Now my question is: What is the center of the category of quasi-coherent modules $\mathrm{Qcoh}(X)$ on a scheme $X$? Observe that there is a natural map $\Gamma(X,\mathcal{O}_X) \to Z(\mathrm{Qcoh}(X))$, mapping a global section to the endomorphisms of the quasi-coherent modules which are given by multiplication with this section. Also, there is a natural map $Z(\mathrm{Qcoh}(X)) \to \Gamma(X,\mathcal{O}_X)$, which takes a compatible family of endomorphisms to the image of the global section $1$ in $\mathcal{O}_X$. The composite $\Gamma(X,\mathcal{O}_X) \to Z(\mathrm{Qcoh}(X)) \to \Gamma(X,\mathcal{O}_X)$ is the identity, but what about the other composite? If $X$ is affine, it also turns out to be the identity.
In the end of his thesis about the Reconstruction Theorem, Gabriel proves that $\Gamma(X,\mathcal{O}_X) \to Z(\mathrm{Qcoh}(X))$ is an isomorphism if $X$ is a noetherian scheme (using recollements of localizing subcategories). I'm pretty sure that the proof just uses that $X$ is quasi-compact and quasi-separated. Now what about the general case?

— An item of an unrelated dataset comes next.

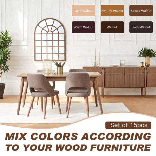 Wood Furniture Repair Kit, 6 Colors Wood Filler Hardwood Laminate Vinyl Floor Repair Kit with Wood Putty, Wood Polish Wax for Hole, Scratch, Crack, Stain (Walnut Wood 15Pcs)

Note that this is about the reconstruction of the structure sheaf $\mathcal{O}_X$ from $X$. Also note that Rosenberg claims in Reconstruction of schemes that this is possible for arbitrary schemes. But if I understand correctly, Rosenberg uses a structure sheaf on the spectrum of an abelian category which avoids the above problems and uses $Z(\mathrm{Mod}(X))=\Gamma(X,\mathcal{O}_X)$, which is certainly true (use extensions by zero), but doesn't yield the result for $\mathrm{Qcoh}(X)$. But I'm not sure because Rosenberg refers to a proof step (a4) which is not there.
Edit: Angelo has proven the result below if $X$ is quasi-separated. Now what happens if $X$ is not quasi-separated? In that case, $\mathrm{Qcoh}(X)$ might have not "enough" objects, which makes the question much harder (and perhaps also less interesting).
Best Answer
In the case of a quasi-separated scheme, the center of the category of quasi-coherent sheaves is $\mathcal O(X)$. Suppose that $f$ is in the center. Let $a \in \mathcal O(X)$ be the scalar that describes the action of $f$ on $\mathcal O_X$; it is enough to show that if $a = 0$ then $f = 0$. Suppose that $M$ is a quasi-coherent sheaf, and that $s$ is a section of $M$ over an open subscheme $U$ of $X$; we need to show that $f_M(s) = 0$. Call $j\colon U \to X$ the embedding; then $j$ is quasi-compact, because $X$ is quasi-separated, so $\overline M := j_*(M\mid_U)$ is quasi-coherent. The adjuntion map $M \to \overline M$ induces an isomophism $M(U) \simeq \overline M(U)$. Call $\overline s$ the image of $s$ in $\overline M$; is enough to show that $f_{\overline M}\overline s = 0$. But $\overline s$ extends to all of $X$, so it in the image of a map $\mathcal O_X \to \overline M$, and the thesis follows.